TRANSFERT D'E-MAIL PRO VERS LA MESSAGERIE PERSO : LA FAUTE EXISTE... MAIS ELLE N'EST PAS FORCÉMENT GRAVE !
- Sébastien LAGOUTTE

- 29 avr. 2025
- 2 min de lecture
Dans un arrêt du 9 avril 2025 (Cass. Soc. 9 avril 2025, pourvoi n°24-12.055), la chambre sociale de la Cour de cassation a rappelé avec pragmatisme les contours de la faute grave en matière de sécurité informatique. Un salarié peut-il être licencié pour faute grave pour avoir transféré un e-mail contenant des documents confidentiels sur sa boîte personnelle ? Pas forcément, répond la Haute juridiction.

Les faits
La salariée d'une société a été licenciée pour faute grave après avoir transféré un e-mail avec pièces jointes depuis sa messagerie professionnelle vers sa messagerie personnelle, en contradiction avec les règles internes de sécurité informatique et d’éthique de l’entreprise.
Elle a saisi le conseil de prud’hommes pour contester son licenciement.
Rappel de la procédure
La Cour d’appel de Colmar, dans un arrêt du 17 novembre 2023, donne raison à la salariée. Elle juge que le licenciement ne repose ni sur une faute grave, ni même sur une cause réelle et sérieuse. La société employeur forme un pourvoi en cassation, estimant que le comportement de la salariée rendait impossible son maintien dans l’entreprise.
La question de droit
Le transfert de documents professionnels confidentiels vers une boîte mail personnelle constitue-t-il, en soi, une faute grave rendant impossible le maintien du salarié dans l’entreprise ?

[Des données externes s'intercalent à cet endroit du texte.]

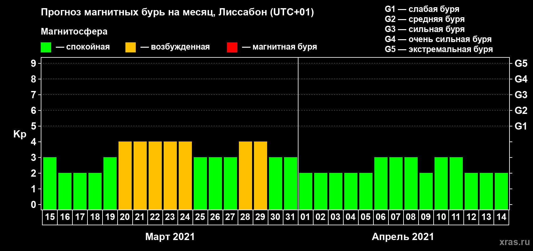 Прогноз максимального суточного геомагнитного индекса Kp на 1 месяц (31 день) с 15 марта по 14 апреля 2021 г

La décision de la Cour d'appel de Lyon
Par un arrêt du 9 avril 2025, la Cour de cassation rejette le pourvoi de l’employeur. Elle valide l’appréciation des juges du fond qui ont estimé :
que les faits reprochés étaient établis et constituaient un manquement aux règles internes de sécurité,
mais qu’ils ne suffisaient pas à caractériser une faute grave dans la mesure où aucune transmission externe des données n’avait été démontrée, la salariée bénéficiait d’une longue ancienneté sans passé disciplinaire et aucun rappel préalable à ses obligations n’avait été effectué par l’employeur.
La décision illustre le pouvoir d’appréciation des juges du fond dans la qualification de la faute grave.
Elle rappelle que :
La faute grave n’est pas définie uniquement par la transgression d’une règle interne, aussi importante soit-elle, mais par l’impossibilité de maintenir le salarié dans l’entreprise, ce qui suppose une gravité particulière du comportement.

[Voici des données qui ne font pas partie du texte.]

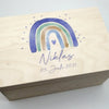 Erinnerungskiste Baby mit Namen "Regenbogen blau Dots"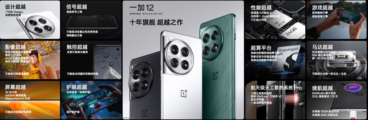 一加 12 秉持「产品力优先」理念,配置**拉满,全球**行业**把显示、护眼、流畅性同时做到**的 2K 东方屏、完整搭载 Find 影像团队倾力打造的「新一代超光影影像系统」以及由第三代骁龙 8 移动平台、LPDDR5X、UFS 4.0 组成的性能铁三角,从多个维度为用户带来超越 Pro 级的旗舰体验。

L’ancienneté, l’absence d’antécédents disciplinaires et l’absence de dommage réel sont des éléments contextuels à prendre en compte, qui peuvent atténuer la portée de la faute.

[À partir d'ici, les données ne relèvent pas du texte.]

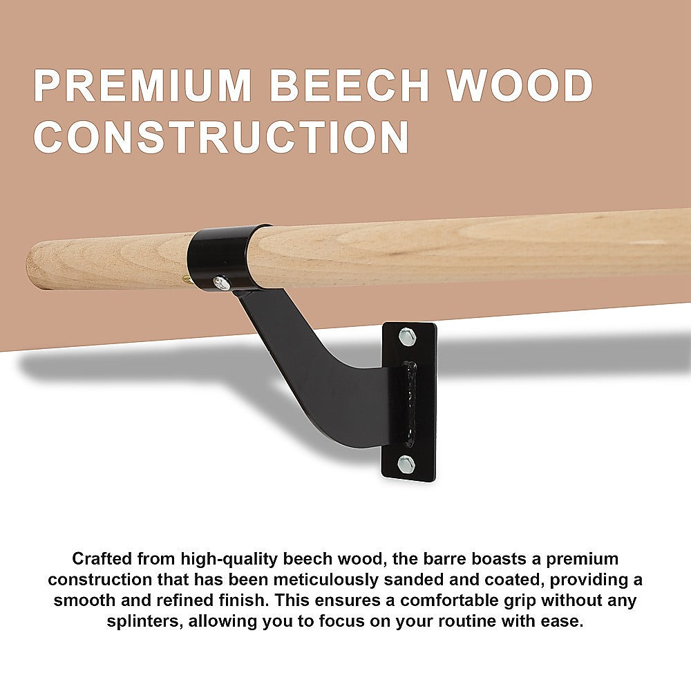 The barre features robust black brackets made of durable steel, securely fastened with screws. This reliable locking mechanism guarantees stability and eliminates any unwanted wobbling during use. With this Wall Mounted Ballet Barre, you can have complete confidence in its steadfastness.

La Cour refuse de raisonner par hypothèse : en l’absence de preuve d’un usage malveillant des données, elle refuse de qualifier la faute de grave.
En somme, même dans un contexte de sécurité informatique renforcée, le simple manquement aux règles internes ne suffit pas, sans preuve d’intention malveillante ou d’atteinte concrète aux intérêts de l’entreprise.